→ Required work:
Omit all pictures, then retype exactly the lines from the one that contains "CELTIC CAVRIAGO-POLIVALENTE SAN DAMASO: 2-1" through the end of the listing.

→ Dataset section:
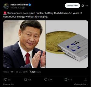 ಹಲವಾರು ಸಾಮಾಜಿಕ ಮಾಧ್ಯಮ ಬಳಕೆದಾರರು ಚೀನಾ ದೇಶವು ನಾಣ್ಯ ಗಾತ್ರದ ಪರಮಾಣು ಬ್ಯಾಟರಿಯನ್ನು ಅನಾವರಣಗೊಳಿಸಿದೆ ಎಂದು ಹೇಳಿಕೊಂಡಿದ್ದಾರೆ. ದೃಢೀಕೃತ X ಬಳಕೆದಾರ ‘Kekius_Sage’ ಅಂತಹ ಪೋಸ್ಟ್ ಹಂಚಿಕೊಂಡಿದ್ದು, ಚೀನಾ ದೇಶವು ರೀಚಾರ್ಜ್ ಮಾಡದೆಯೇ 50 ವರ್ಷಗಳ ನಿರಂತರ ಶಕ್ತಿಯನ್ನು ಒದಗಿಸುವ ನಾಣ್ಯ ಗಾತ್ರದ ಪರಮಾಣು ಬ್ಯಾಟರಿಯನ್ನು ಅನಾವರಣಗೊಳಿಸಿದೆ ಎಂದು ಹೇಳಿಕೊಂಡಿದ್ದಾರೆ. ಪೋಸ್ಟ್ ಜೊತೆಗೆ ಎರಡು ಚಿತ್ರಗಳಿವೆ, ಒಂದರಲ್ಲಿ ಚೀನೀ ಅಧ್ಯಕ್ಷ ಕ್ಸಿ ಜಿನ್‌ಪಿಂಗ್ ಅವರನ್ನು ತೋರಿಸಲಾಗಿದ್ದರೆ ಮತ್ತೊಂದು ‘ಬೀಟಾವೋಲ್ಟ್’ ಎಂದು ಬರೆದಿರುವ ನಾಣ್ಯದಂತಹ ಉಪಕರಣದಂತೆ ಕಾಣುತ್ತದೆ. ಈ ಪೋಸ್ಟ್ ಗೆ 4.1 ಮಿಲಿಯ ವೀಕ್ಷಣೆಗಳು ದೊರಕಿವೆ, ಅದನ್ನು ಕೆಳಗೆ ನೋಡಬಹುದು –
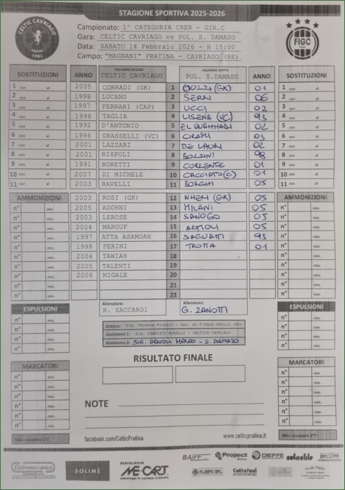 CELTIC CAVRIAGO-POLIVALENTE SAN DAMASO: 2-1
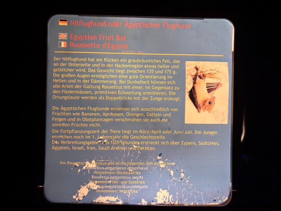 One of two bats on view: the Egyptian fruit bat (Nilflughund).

→ Output for this exercise:
 CELTIC CAVRIAGO-POLIVALENTE SAN DAMASO: 2-1
 One of two bats on view: the Egyptian fruit bat (Nilflughund).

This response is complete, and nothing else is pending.